[[ DATA SECTION open ]]

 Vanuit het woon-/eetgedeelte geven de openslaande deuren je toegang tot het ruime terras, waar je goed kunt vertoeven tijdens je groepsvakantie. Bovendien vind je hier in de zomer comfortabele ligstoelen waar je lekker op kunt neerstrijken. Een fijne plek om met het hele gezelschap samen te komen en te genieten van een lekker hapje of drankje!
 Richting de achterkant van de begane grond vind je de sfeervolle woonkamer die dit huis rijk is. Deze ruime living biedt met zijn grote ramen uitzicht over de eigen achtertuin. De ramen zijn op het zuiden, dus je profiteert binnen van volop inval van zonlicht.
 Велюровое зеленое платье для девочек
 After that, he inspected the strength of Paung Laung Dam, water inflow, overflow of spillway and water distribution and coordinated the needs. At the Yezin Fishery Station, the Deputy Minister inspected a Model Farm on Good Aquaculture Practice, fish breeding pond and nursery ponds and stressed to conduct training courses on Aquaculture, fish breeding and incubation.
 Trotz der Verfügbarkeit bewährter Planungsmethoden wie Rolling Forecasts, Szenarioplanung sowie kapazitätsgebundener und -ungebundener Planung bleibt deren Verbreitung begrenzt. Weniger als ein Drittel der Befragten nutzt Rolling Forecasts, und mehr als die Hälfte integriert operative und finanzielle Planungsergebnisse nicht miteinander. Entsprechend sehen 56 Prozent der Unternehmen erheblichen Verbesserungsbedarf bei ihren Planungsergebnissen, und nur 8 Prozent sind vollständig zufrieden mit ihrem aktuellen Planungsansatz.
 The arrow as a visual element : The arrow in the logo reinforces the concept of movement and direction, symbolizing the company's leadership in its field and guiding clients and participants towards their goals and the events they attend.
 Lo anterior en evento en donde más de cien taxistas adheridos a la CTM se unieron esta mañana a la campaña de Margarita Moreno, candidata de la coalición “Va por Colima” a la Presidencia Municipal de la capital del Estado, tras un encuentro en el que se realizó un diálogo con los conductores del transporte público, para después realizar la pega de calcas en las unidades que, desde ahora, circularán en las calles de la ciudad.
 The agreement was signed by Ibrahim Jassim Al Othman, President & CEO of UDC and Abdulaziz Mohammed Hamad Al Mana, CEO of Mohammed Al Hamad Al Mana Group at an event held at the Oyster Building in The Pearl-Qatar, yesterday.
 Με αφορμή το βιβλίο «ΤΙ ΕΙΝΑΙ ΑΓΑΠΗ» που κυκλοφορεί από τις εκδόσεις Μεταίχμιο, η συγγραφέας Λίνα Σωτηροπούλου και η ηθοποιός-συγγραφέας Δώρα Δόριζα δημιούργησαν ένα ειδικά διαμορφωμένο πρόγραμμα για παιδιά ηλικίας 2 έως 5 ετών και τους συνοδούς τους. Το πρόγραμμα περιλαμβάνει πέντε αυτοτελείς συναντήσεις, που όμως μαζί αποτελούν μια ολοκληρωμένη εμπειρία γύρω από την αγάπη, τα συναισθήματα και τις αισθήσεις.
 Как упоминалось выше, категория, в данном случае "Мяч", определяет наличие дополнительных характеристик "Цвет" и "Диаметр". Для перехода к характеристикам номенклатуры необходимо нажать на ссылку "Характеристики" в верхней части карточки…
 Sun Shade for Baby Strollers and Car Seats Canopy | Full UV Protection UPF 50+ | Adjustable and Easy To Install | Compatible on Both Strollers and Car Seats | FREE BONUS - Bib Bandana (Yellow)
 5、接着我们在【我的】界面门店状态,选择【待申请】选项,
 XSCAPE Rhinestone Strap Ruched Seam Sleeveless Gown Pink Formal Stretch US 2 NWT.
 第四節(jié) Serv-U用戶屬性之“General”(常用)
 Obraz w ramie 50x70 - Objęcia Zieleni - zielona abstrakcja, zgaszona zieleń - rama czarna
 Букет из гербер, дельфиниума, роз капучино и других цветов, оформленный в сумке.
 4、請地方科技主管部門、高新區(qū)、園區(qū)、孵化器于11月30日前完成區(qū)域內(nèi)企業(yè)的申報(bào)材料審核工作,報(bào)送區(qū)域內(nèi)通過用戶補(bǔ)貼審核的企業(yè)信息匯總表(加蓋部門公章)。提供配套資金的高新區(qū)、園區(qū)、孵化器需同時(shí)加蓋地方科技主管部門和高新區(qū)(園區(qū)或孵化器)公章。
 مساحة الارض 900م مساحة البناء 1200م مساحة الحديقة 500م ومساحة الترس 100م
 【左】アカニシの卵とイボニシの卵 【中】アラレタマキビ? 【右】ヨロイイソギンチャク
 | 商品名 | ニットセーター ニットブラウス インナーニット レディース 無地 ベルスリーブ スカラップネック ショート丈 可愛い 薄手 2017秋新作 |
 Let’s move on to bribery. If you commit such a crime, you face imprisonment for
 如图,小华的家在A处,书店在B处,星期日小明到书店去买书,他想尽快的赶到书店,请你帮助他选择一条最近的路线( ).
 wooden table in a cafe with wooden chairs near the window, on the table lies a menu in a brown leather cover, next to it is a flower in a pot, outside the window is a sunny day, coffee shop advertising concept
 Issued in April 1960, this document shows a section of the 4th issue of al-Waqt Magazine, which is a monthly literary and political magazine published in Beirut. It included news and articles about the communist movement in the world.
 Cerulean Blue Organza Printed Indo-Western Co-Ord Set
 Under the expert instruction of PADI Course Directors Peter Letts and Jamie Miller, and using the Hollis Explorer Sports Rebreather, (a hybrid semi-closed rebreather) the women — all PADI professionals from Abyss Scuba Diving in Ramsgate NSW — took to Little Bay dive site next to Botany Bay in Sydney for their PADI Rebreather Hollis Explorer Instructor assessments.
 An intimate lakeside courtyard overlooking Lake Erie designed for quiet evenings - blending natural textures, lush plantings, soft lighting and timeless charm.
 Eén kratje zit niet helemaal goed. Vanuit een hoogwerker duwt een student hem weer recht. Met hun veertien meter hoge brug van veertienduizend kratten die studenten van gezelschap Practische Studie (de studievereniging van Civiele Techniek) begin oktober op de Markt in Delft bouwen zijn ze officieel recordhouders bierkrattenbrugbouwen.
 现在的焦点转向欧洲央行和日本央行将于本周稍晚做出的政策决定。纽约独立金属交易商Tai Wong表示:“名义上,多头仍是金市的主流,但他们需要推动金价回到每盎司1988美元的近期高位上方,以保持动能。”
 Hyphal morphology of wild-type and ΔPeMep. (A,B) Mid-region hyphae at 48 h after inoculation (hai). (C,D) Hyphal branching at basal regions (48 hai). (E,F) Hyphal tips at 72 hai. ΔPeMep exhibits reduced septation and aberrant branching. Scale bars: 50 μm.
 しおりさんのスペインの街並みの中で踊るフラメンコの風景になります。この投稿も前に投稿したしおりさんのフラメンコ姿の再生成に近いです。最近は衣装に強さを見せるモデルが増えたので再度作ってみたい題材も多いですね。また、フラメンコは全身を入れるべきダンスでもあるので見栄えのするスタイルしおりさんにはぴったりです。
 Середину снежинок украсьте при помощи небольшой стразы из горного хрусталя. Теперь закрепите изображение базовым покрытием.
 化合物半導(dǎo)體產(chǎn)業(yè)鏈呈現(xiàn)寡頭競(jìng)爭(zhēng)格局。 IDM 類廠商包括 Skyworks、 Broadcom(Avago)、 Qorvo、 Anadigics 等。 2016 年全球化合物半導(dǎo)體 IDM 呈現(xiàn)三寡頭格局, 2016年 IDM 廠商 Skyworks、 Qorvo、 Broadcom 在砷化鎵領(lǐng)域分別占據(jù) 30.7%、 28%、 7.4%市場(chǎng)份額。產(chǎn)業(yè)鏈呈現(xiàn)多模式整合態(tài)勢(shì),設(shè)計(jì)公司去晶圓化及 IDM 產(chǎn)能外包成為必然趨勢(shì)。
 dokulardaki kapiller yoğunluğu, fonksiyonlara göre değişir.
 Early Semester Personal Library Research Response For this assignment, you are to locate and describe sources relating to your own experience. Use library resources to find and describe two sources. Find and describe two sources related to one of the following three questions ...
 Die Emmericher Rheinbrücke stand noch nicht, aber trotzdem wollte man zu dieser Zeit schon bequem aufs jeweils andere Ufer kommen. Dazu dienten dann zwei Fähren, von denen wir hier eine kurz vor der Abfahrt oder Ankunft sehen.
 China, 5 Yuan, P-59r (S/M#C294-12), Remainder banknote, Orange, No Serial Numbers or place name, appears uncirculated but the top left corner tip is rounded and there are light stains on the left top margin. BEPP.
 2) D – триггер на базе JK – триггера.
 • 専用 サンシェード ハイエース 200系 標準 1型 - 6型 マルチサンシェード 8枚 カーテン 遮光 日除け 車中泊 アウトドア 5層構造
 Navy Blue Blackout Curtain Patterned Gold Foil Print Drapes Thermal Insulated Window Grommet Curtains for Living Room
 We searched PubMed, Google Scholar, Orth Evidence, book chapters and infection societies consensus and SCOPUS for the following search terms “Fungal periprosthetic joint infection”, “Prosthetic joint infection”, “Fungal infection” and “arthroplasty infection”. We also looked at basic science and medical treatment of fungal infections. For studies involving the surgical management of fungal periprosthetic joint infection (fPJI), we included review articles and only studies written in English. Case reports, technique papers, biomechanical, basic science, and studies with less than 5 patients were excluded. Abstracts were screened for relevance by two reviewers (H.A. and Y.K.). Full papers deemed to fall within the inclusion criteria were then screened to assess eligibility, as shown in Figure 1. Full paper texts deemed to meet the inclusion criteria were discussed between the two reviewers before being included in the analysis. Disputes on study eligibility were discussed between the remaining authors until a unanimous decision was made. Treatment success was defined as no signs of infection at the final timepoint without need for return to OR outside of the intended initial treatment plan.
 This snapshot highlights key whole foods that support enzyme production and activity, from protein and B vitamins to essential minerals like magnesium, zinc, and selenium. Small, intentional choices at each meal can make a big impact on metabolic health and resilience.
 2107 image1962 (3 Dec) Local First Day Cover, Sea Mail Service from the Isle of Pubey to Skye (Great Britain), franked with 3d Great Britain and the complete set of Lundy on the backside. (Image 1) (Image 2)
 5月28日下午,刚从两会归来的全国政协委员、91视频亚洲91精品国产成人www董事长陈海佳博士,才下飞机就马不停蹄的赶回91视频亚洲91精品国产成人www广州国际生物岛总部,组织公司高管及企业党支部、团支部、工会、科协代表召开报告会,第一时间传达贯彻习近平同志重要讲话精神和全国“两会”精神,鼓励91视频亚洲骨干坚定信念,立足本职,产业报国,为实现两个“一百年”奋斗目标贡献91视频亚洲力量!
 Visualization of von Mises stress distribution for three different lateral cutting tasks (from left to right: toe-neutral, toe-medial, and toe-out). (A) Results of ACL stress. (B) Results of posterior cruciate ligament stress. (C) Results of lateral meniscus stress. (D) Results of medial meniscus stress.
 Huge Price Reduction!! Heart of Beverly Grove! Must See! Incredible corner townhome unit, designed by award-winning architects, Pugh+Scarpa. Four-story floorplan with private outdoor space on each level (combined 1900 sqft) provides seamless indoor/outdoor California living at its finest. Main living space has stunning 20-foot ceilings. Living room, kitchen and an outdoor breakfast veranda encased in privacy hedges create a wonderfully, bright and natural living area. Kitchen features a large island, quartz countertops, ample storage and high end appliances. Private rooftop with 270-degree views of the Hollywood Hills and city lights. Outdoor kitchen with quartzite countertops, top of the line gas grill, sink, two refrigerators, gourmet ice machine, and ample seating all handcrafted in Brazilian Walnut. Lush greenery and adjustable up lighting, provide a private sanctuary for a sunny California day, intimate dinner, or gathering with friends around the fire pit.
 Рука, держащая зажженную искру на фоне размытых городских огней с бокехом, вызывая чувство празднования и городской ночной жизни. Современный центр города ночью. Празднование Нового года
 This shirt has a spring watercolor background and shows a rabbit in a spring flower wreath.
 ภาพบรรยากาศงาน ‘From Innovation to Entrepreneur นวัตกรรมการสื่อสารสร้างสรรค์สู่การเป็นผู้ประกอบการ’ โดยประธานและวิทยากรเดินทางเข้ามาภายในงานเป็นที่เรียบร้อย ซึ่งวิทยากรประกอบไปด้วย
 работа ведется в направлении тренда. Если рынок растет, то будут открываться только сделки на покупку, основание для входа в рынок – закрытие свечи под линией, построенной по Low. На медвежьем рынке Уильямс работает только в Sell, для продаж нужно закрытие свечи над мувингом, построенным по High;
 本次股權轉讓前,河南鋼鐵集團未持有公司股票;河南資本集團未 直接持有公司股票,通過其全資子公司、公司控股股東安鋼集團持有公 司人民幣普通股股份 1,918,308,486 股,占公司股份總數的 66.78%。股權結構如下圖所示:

[[ DATA SECTION closed ]]

### EXERCISE AIM
Every line containing the string "movement" is required; copy each such line from the data.

### RESPONSE TO THIS TASK
 The arrow as a visual element : The arrow in the logo reinforces the concept of movement and direction, symbolizing the company's leadership in its field and guiding clients and participants towards their goals and the events they attend.
 Issued in April 1960, this document shows a section of the 4th issue of al-Waqt Magazine, which is a monthly literary and political magazine published in Beirut. It included news and articles about the communist movement in the world.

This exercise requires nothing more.